# Mommy's tired



## Re5.0 (6 mo ago)

Do anyone other moms get overwhelmed easily, do any other moms feel like they get tired of being a mom from time to time?


----------



## BeyondRepair007 (Nov 4, 2021)

Re5.0 said:


> Do anyone other moms get overwhelmed easily, do any other moms feel like they get tired of being a mom from time to time?


I can’t answer any mommy questions but I wanted to say Hi and welcome back! Don’t be a stranger!


----------



## Re5.0 (6 mo ago)

BeyondRepair007 said:


> I can’t answer any mommy questions but I wanted to say Hi and welcome back! Don’t be a stranger!


Hi, thank you. How have you been?


----------



## TexasMom1216 (Nov 3, 2021)

Yes, all moms feel like that sometimes. And it's OK. It doesn't mean we don't love our children. Let's face it, kids are a pain. They're selfish and loud and the boy ones smell funny when they get to be a certain age. They talk back and don't listen. Plus it is REALLY hard not to laugh when they open their mouths and your words come out. They're the most wonderful, crazy, exciting, precious pain-in-the-butt miracles ever. I love that little smarty pants weirdo more than I knew was possible, and I wouldn't trade his eye rolls and huffy sighs for anything. But there are days when I wish he would just simmer down on the drama. I'm sure he feels the same way about me.


----------



## Re5.0 (6 mo ago)

TexasMom1216 said:


> Yes, all moms feel like that sometimes. And it's OK. It doesn't mean we don't love our children. Let's face it, kids are a pain. They're selfish and loud and the boy ones smell funny when they get to be a certain age. They talk back and don't listen. Plus it is REALLY hard not to laugh when they open their mouths and your words come out. They're the most wonderful, crazy, exciting, precious pain-in-the-butt miracles ever. I love that little smarty pants weirdo more than I knew was possible, and I wouldn't trade his eye rolls and huffy sighs for anything. But there are days when I wish he would just simmer down on the drama. I'm sure he feels the same way about me.

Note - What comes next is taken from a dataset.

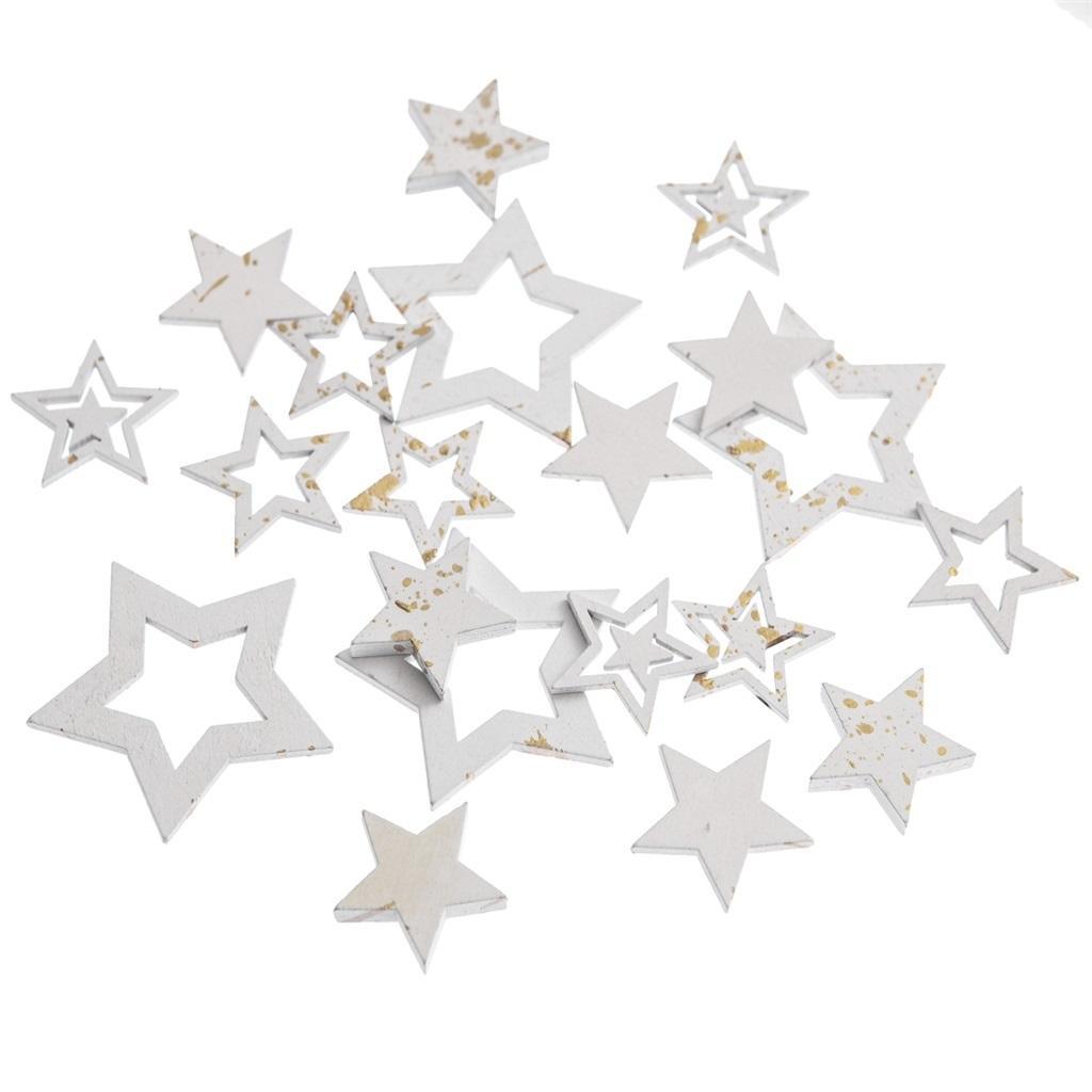 DREWNIANE GWIAZDKI BIAŁE ZŁOCONE 20SZT

Thank you so much for this, and only damn good mommy's get tired. My life is kids and I'm trying to have one outside them. Practice meditation and exercise. I'm trying it's sooo hard.


----------



## TexasMom1216 (Nov 3, 2021)

Re5.0 said:


> Thank you so much for this, and only damn good mommy's get tired. My life is kids and I'm trying to have one outside them. Practice meditation and exercise. I'm trying it's sooo hard.


Kids are 24/7/365. No breaks, no vacations, no sick days. Being a mommy isn't something you DO, it's something you ARE, and you're that forever until you die. It's a lot. But it's great, right? It's like Stockholm Syndrome with the cutest hostage taker(s) imaginable.

I try to ride my bike between 30-45 mins a day. I am interrupted at LEAST twice. 😂 I have to just ignore it. Glance over, if he's not bleeding and still has all his limbs and I don't smell smoke, wait or check with Dad. It is not selfish to make time for yourself, it's really not.


----------



## Re5.0 (6 mo ago)

TexasMom1216 said:


> Kids are 24/7/365. No breaks, no vacations, no sick days. Being a mommy isn't something you DO, it's something you ARE, and you're that forever until you die. It's a lot. But it's great, right? It's like Stockholm Syndrome with the cutest hostage taker(s) imaginable.
> 
> I try to ride my bike between 30-45 mins a day. I am interrupted at LEAST twice. 😂 I have to just ignore it. Glance over, if he's not bleeding and still has all his limbs and I don't smell smoke, wait or check with Dad. It is not selfish to make time for yourself, it's really not.


Girl FR, I try to ride my bike a few times a few times a week but life seems not make it happen some weeks. Like this week.


----------



## TexasMom1216 (Nov 3, 2021)

Re5.0 said:


> Girl FR, I try to ride my bike a few times a few times a week but life seems not make it happen some weeks. Like this week.


I can't with this whole week. Work is crazy and we're travelling (again) this weekend so I have to get us all ready and packed then come home and do all the laundry. Meanwhile, work is still there and my fantastic reward for a job well done is... more work. 🤔 Do you have a Peloton?


----------



## Re5.0 (6 mo ago)

TexasMom1216 said:


> I can't with this whole week. Work is crazy and we're travelling (again) this weekend so I have to get us all ready and packed then come home and do all the laundry. Meanwhile, work is still there and my fantastic reward for a job well done is... more work. 🤔 Do you have a Peloton?


No, I have a bicycle that I ride around p lake nearby. I heard that Peloton is everything


----------



## TexasMom1216 (Nov 3, 2021)

Re5.0 said:


> No, I have a bicycle that I ride around p lake nearby. I heard that Peloton is everything


I love mine. But, I don’t have a lake to ride around; I’m pretty sure your lake is better.


----------